Der Neubau basiert auf einem von der Werft NoLimitShips entwickelten und bereits mehrfach gebauten »Standard-Vermessungs-Typschiffs 1640«. Der Tiefgang musste hierbei jedoch entsprechend den Anforderungen von 1,30m auf 1m reduziert werden. Der in vier wasserdichte Bereiche unterteilte Schiffsrumpf ist aus Stahl gefertigt und hat einen Spantabstand von 400mm sowie eine ähnlich enge Längsaussteifung.

Der Aufbau wurde aus seewasserbeständigem Aluminium gefertigt, die Verbindung mit dem Stahlrumpf erfolgte durch Triclad-Verbindungsstreifen. Gegenüber dem Standard-Typschiff wurde der Aufbau mit einer umlaufenden Faceplatte ausgestattet und die Frontfenster sind zur Vermeidung von Reflexionen nach außen geneigt. Der Rumpf ist durch einen fest montierten umlaufenden Fender geschützt. Die Einrichtung des Schiffes ist für eine Besatzung von zwei bis drei Personen im Tagesdienst ausgestattet. Auf dem Hauptdeck sind der Steuerstand und der Vermessungsarbeitsplatz angeordnet.
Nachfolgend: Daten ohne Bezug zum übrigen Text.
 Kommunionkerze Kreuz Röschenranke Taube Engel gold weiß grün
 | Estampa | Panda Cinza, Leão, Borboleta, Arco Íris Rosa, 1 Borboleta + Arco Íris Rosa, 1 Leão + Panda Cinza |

Im vorderen Teil des Schiffes sind die Pantry mit Sitzecke sowie ein Sanitärraum vorhanden. Lose Ausrüstung, Geräte und Materialien können in einem Storeraum sicher verstaut werden. Zwischen Pantry und Maschinenraum ist der Technikraum angeordnet, in dem alle wesentlichen elektrischen Komponenten untergebracht sind. Durch diese Anordnung ist eine gute Klimatisierung der Anlagen sichergestellt, die die Arbeitsbereiche lärmtechnisch nicht belastet sowie eine optimale Zugänglichkeit für die Wartung der Anlagen zulässt.
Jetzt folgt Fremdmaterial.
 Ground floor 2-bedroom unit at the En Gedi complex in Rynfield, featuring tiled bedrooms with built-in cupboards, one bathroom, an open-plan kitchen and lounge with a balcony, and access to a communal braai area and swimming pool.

Im Maschinenraum sind die beiden Antriebsmotoren vom Typ MAN D2866 mit einer Leistung von je 190kW untergebracht. Sie wirken über ein ZF-Getriebe (ZF325-1) auf je einen Festpropeller, der durch eine Düse geschützt ist. Die Kühlung der Motoren erfolgt über Kastenkühler, die Abgasleitung ist trocken und führt durch den Rudermaschinenraum zum Spiegel. Im Maschinenraum sind darüber hinaus ein Hilfsdieselaggregat, Hydraulikaggregat, je eine Lenz- und Feuerlöschpumpe, die Klimaanlage und Heizung untergebracht. Im Rudermaschinenraum befinden sich die Hydraulik für die Ruder sowie die Abgasschalldämpfer.
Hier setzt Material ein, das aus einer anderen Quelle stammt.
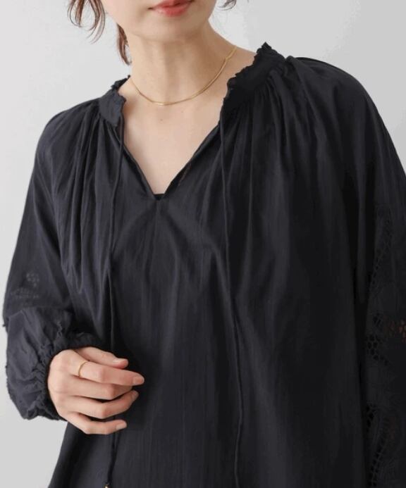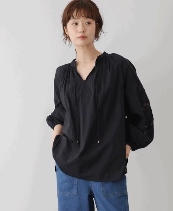 袖にあしらったカットワークレースが目を惹き、シンプルな中にもさりげない華やかさを添えてくれます。

Die elektrische Energieversorgung erfolgt über ein 24-Volt-Bordnetz. Der Betrieb der 24-Volt-Bord- und Starternetze wird mit insgesamt vier an beide Hauptmotoren angehängte Lichtmaschinen (je 150 A) sichergestellt. Jeweils zwei Lichtmaschinen puffern die Bordnetzbatterie (24V/600 Ah) sowie die beiden Starterbatterien (24V/50 Ah). Über das 24-V-Bordnetz kann der überwiegende Teil aller Verbraucher mit Strom versorgt werden, ausgewählte Anlagen und nautische Geräte werden über jeweils dafür vorgesehene Sondernetze bzw. USV-Anlagen betrieben. Alle 230V-Verbraucher, wie z. B. Klimaanlage, Herd und das Peilsystem selbst werden über ein Wechselspannungsnetz betrieben, das über zwei gekoppelte Wechselrichter aus dem Bordnetz gespeist wird. Ein Hilfsdieselaggregat (Kohler 17EFOZD) mit einer elektrischen Leistung von 17kVA ist aus Redundanzgründen zur Gewährleistung einer beständigen Verfügbarkeit eingebaut. Zur qualitätsgesicherten Überwachung der Wasserstraßen wurde die »Stickers Gat« mit einem flexibel einsetzbaren Vermessungssystem ausgestattet. Dieses besteht aus einem Fächerlotsystem der neuesten Generation vom Typ Kongsberg EM2040 Compact mit Doppelschwingern (200–400 KHz) und einem Linienpeilsystem vom Typ Kongsberg EA400 (15KHz und 200 Khz) sowie den zugehörigen Sensoren zur präzisen Lage- und Höhenzuordnung der gemessenen Wassertiefen.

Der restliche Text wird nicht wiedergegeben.